With a chip firmly on my shoulder, I threw myself in the deep end. I sent my CD’s scripts for projects I hadn’t been briefed on, I took on odd jobs no one else wanted to do, and poured over old One Show books. The first TV brief I ever worked on I sold a Super Bowl spot. I brought in a pro-bono client that won awards and was named part of The One Club’s: Next Creative Leaders. For the first time, I wasn’t just another body in the room. And just as I had been taught as a kid, these benchmark achievements became the only way I knew how to put a value on my worth.

After a bit of success, I landed a job at Venables Bell & Partners in San Francisco. Before my first day, I remember pouring over their website, getting goosebumps looking at the work. Feeling a mixture of pure terror and excitement. Venables gave me the opportunity to touch iconic brands, creating work I could only dream of with celebrated directors I admired, picking up Business Insiders: 30 Most Creative Women In Advertising along the way. But now the benchmark achievements weren't enough. Turns out you can't just do your job to be considered great in this industry. No. You need side projects, too. So I created a campaign that highlighted the opioid crisis. I took over the summer intern program. Ran the agency’s social channels. I even partnered with VB&P to create an entrepreneurial endeavor called Fellow, the first app-based professional community for women in advertising. This led me to speak on stage at The 3% Conference (albeit briefly) and sit on prestigious juries. 

All the stuff you're supposed to do, or at least what I thought you're supposed to do, I had done. I should have been feeling more worthy of my place. I had caught the very thing I’d been chasing since Mrs. Height’s fourth-grade class. My own personal Moby Dick (didn’t read the book, but I assume the fisherman totally gets his whale and feels an overwhelming sense of completeness and closure)

"Do I really want to keep up this endless pursuit for praise and prestige in exchange for my mental health?"
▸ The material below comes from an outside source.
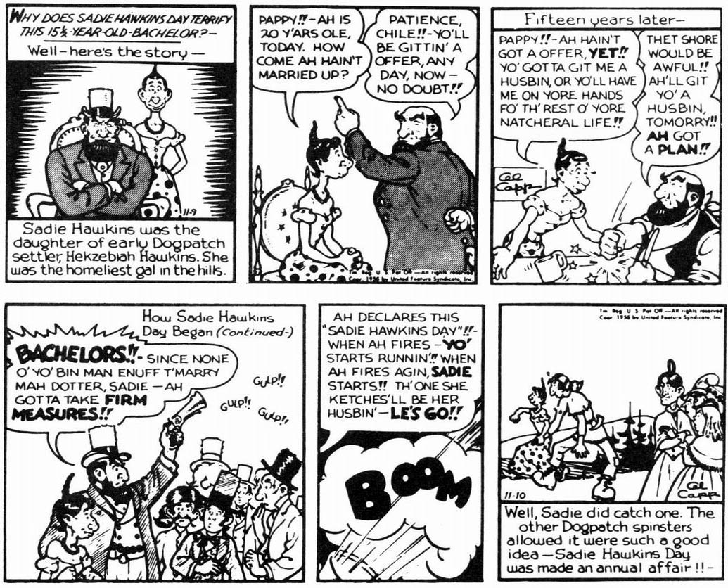 Sadie Hawkins Day was first introduced in November 1937, and then returned annually.

But when I stopped to look around, nothing had changed. My cup still wasn’t full. There would always be someone else to impress. Someone who wasn’t totally convinced of me, someone with more awards and a better portfolio. I still felt a deep lust underscored by insecurity when looking at the work of my competition, I was still chasing another crowning achievement or to be named on some celebrated list. There was always something more I could be doing if I just had the time. And that's an exhausting cycle to live in. Physically. Mentally. I asked myself, do I really want to keep up this endless pursuit for praise and prestige in exchange for my mental health? Is it—whatever that may be—really worth it?

"My time is mine to own, no job numbers or timesheets."
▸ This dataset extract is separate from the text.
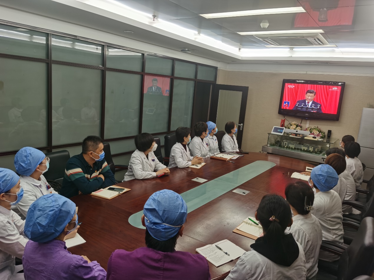 人民医院党政领导及广大党员职工集体收看(摄影:高山)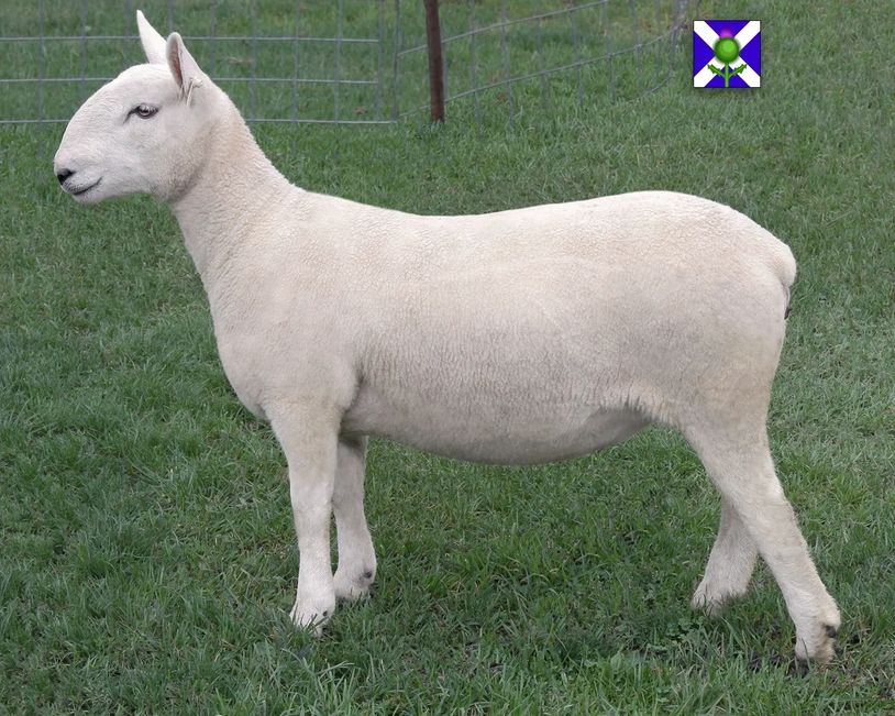 HIGHLAND LASS 999, yearling daughter of Sebay Xcitable topped our fall 25 online sale at $2200, breakling the breed female record our lamb set 2024. We thank Ed and Stephanie Compton from Wisconsin. for their purchase. We wish them all the best. We think this is a great female, as is her twin sister in our flock.

So yeah, with my in-laws graciously agreeing to open their home to us, I’m quitting. And I have officially deleted Outlook off my phone which feels surprisingly similar to being naked. For the first time in a long time, there is no career strategy I’m looking to execute, no launch date to chase. My time is mine to own, no job numbers or timesheets. I want to relearn how to evaluate my worth. Remember what it's like to draw without a computer. Dust off that ukulele and finally—finally learn how to play it. I want to fall in love with art again. Tackle that stack of half-read novels sitting on my side table. Honestly, I'm not sure where I'm headed with this, but that's kind of the point. If all else fails, I know I can fall back on the same strategy I've relied on for the past 8 years: fake it till you make it. And who knows, maybe I’ll even get around to actually reading An Introduction to Literature: Poetry.